GIVEN DATA =>
---

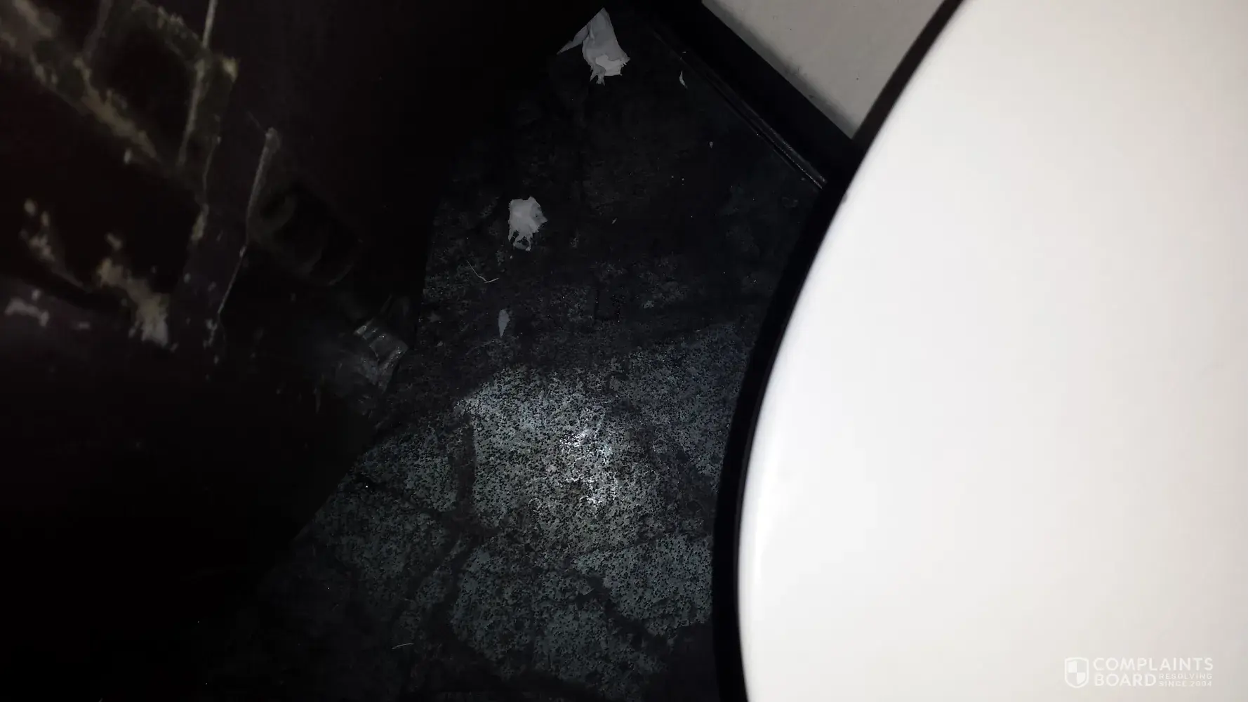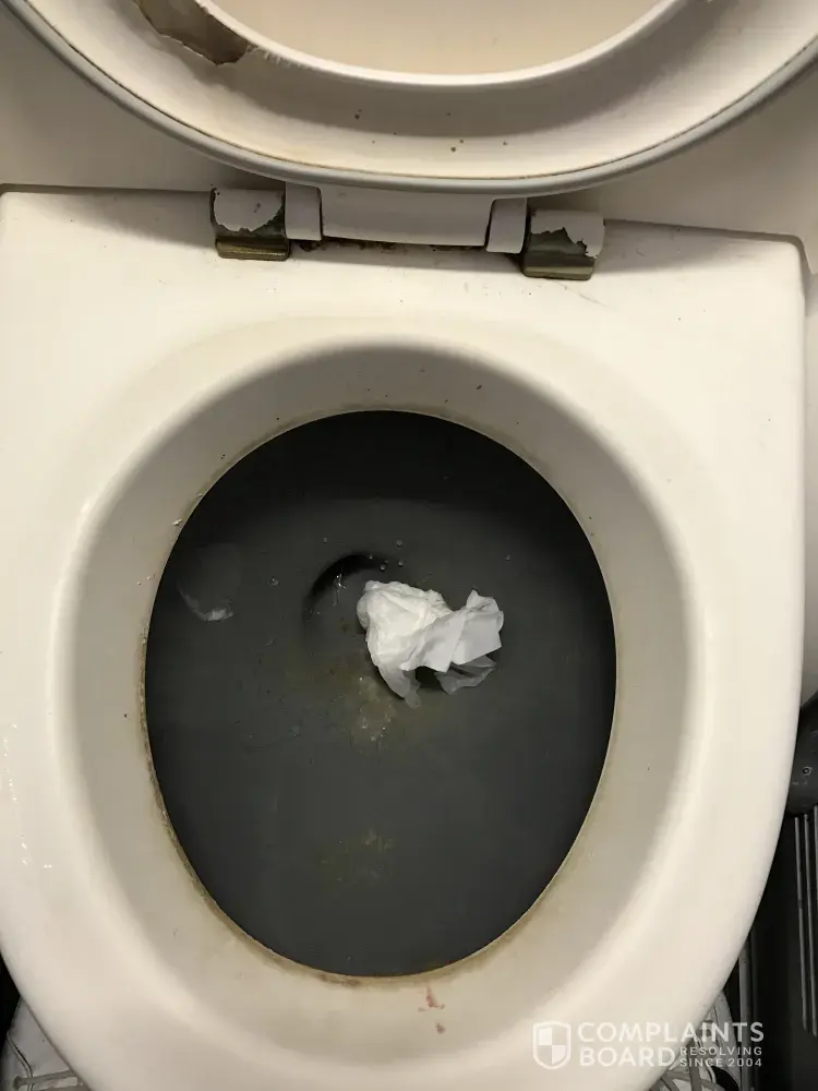 What was particularly unpleasant was the state of the toilets. I attach photos of the disgraceful state of the toilet bowl itself, the inside of the lid which had such a rough surface it could not possibly be cleaned properly, the floor which was equally disgusting, and the dirt around the toilet lid hinge. Unfortunately I have lost the photo of the built in unit below the basin, which was literally held together with sticky tape.
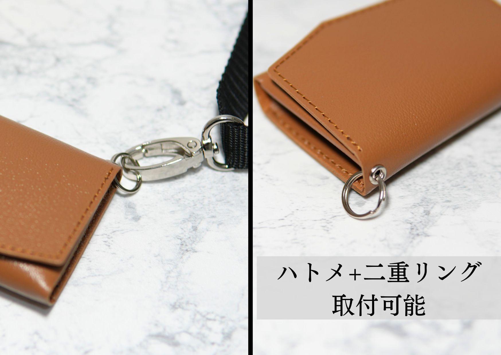 キーを取り付けたり、ショルダーストラップに取り付けたりアレンジしてお使いいただけます。CAMPFIREでは、取り付けサービスとさせていただきます。購入ページで「ハトメ+2重リング・有り」をお選び下さい。
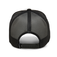 This curved bill trucker cap features a structured crown and classic snap-back closure for an adjustable, secure fit. The front panel is made from durable twill, while the mesh back provides breathability and comfort in warm conditions. A bold embroidered logo adds standout branding, complemented by internal and back label detailing. Designed for everyday wear with a modern, street-ready edge.
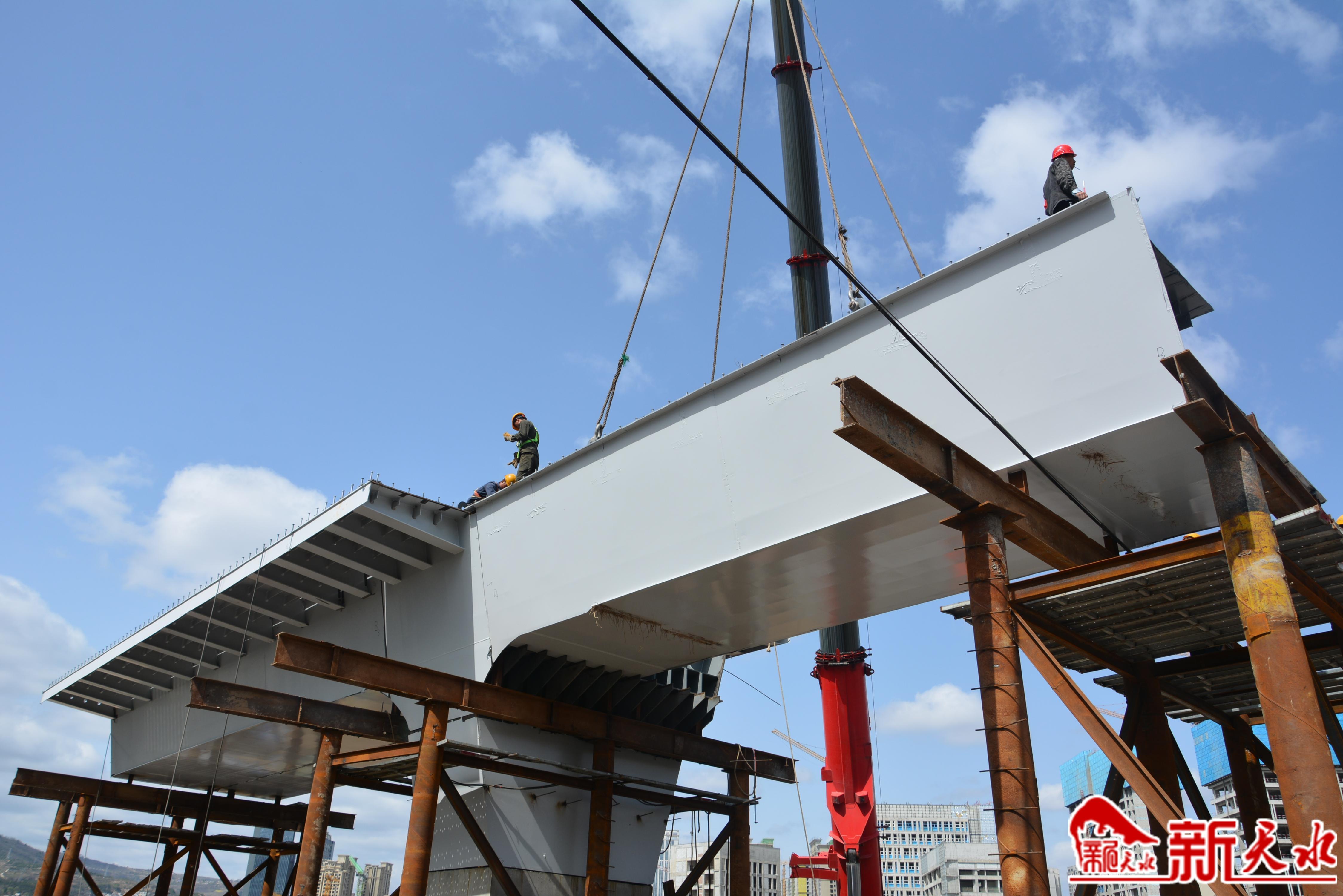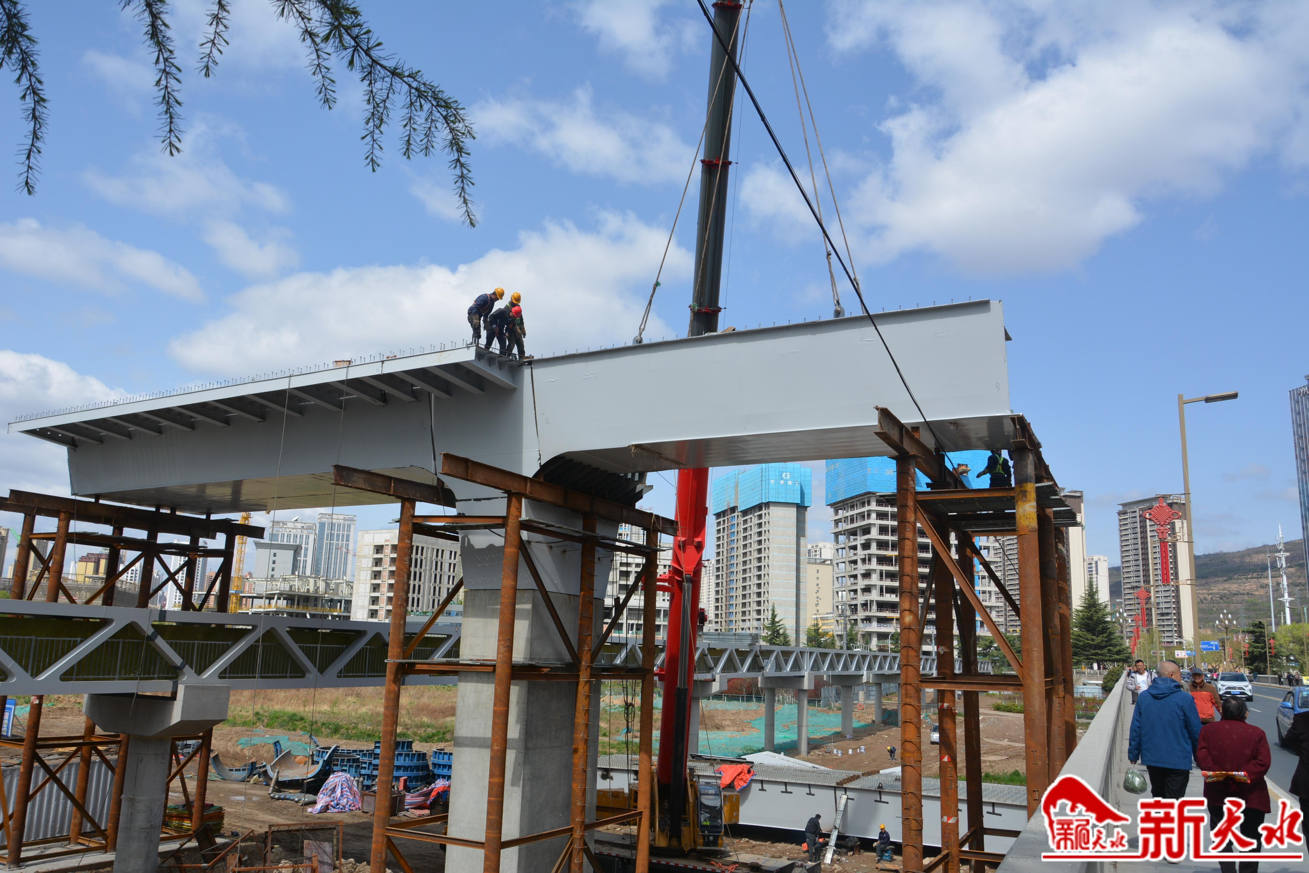 上跨五里鋪橋 天水有軌電車藉河特大橋開始架設(shè)最后一聯(lián)鋼箱梁

---

Print the entire listing precisely as written, omitting the images it holds.

SOLUTION TO THE EXERCISE =>
 What was particularly unpleasant was the state of the toilets. I attach photos of the disgraceful state of the toilet bowl itself, the inside of the lid which had such a rough surface it could not possibly be cleaned properly, the floor which was equally disgusting, and the dirt around the toilet lid hinge. Unfortunately I have lost the photo of the built in unit below the basin, which was literally held together with sticky tape.
 キーを取り付けたり、ショルダーストラップに取り付けたりアレンジしてお使いいただけます。CAMPFIREでは、取り付けサービスとさせていただきます。購入ページで「ハトメ+2重リング・有り」をお選び下さい。
 This curved bill trucker cap features a structured crown and classic snap-back closure for an adjustable, secure fit. The front panel is made from durable twill, while the mesh back provides breathability and comfort in warm conditions. A bold embroidered logo adds standout branding, complemented by internal and back label detailing. Designed for everyday wear with a modern, street-ready edge.
 上跨五里鋪橋 天水有軌電車藉河特大橋開始架設(shè)最后一聯(lián)鋼箱梁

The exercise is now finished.